MySQL Performance – Are TEXT Fields Stored Separately from the Row in MySQL-ISAM?

innodbmyisamMySQLperformance

We have a "notes" table and some of the queries are getting very slow even though we're not searching on the note contents. We're wondering if moving the note content into a separate table would speed things up?

I wouldn't think separating the content would matter — aren't TEXT fields essentially just pointers to somewhere else on disk? Or does table size matter?

Does InnoDB handle this better?

Best Answer

MyISAM only -- Normally a record is a continuous stream of bytes in the .MYD file. This includes TEXT and BLOB columns. An index has a byte offset (or record number) to point into the .MYD file.
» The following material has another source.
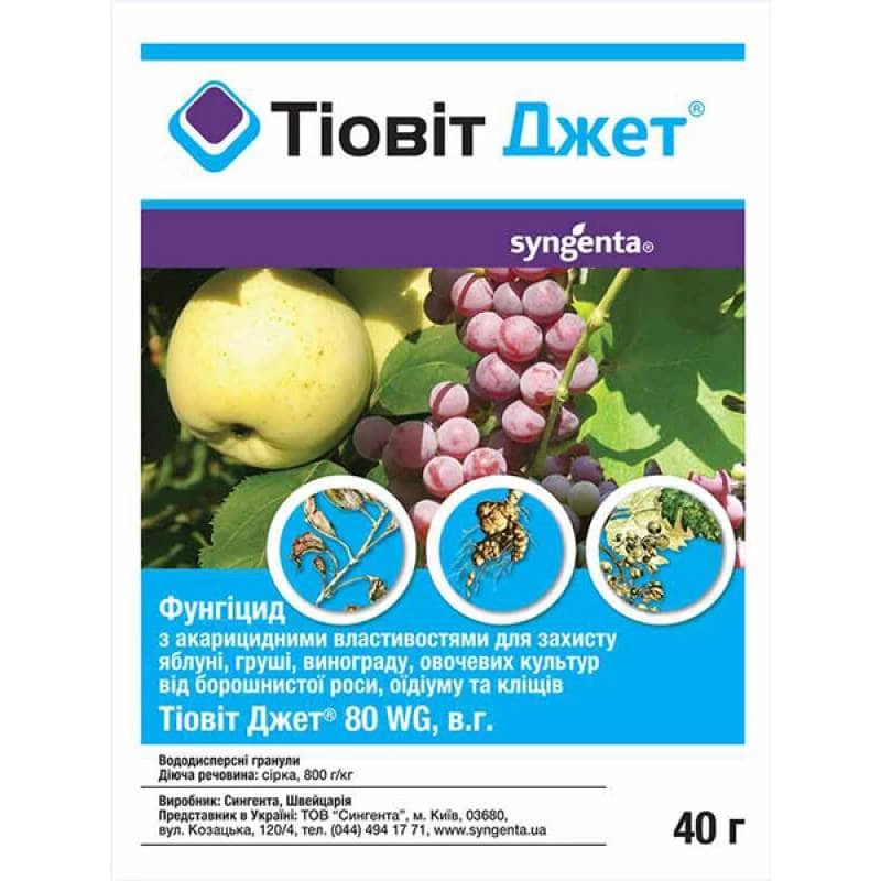 Тіовіт Джет - контактний фунгіцид-акарицид для захисту плодових культур і винограду від борошнистої роси й кліщів.

After row(s) have been DELETEd, there can be holes in the .MYD. MyISAM prefers to fill in the holes before appending to the .MYD. However the hole(s) may not be big enough. In this case, part of a record is stored in the first hole and a link (byte offset) is stored to the next part of the record. This linking goes on as long as necessary.

So, if there is a lot of "churn" in the table (deletes+inserts, etc), then new INSERTs can be very inefficiently stored. That is, they may be fragmented and scattered. This is one of the few cases where OPTIMIZE TABLE is useful for a MyISAM table. The OPTIMIZE will rebuild the table by effectively reading and rewriting each row into a new (tmp) .tmd, later to be renamed to .MYD. This defragments rows and gets rid of any remaining gaps.
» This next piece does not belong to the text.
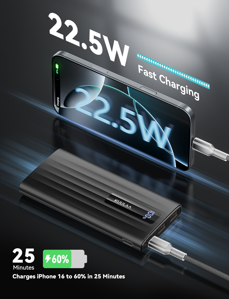 • Вихід USB-C: 5V⎓3A, 9V⎓22A, 10V⎓2.25A, 12V⎓1.67A (до 22.5W)

There is no "block" structure to the .MYD. In contrast, the .MYI, holds all indexes, including the PRIMARY KEY, in 1KB BTree blocks.

The only caching for data is what the OS provides. That tends to be in 4GB chunks that have zero correlation to record boundaries of the rows in the table.

When to have parallel table -- The question is really about this. (But I needed to say the above first.)

It is hard to give a clear indication of when it is useful to manually split the table by columns.

Case 1: You do a lot of searching through the table without touching the TEXT field. Having the big TEXT field(s) else where avoids stepping over those big cow paddies. The JOIN to get the TEXT for one row is not that expensive.

Case 2: You are always doing LIKE on the TEXT field. Then vertical partitioning slows things down.

I have done Case 1 in a few projects.

Case 1 can be further enhanced by this trick:

SELECT a.stuff, b.text
    FROM ( SELECT ... FROM main_table ... LIMIT 1 ) a
    JOIN text_table b USING (id);

Notes:

  • The subquery hits a lot of rows, but then decides on a few (via LIMIT or GROUP BY, or...);
  • Any tmp tables are not big (since the TEXT is not in it);
  • Only 1 probe into the parallel table are needed.

Another trick is to Compress the text field (and put it into a BLOB).

  • Do the compression in the client, not the server
  • 3:1 shrinkage is typical for text
  • The space savings (hence I/O savings) is likely to more than compensate for the CPU time in compression if you have a big table.

(The two "tricks" can be applied to InnoDB, to.)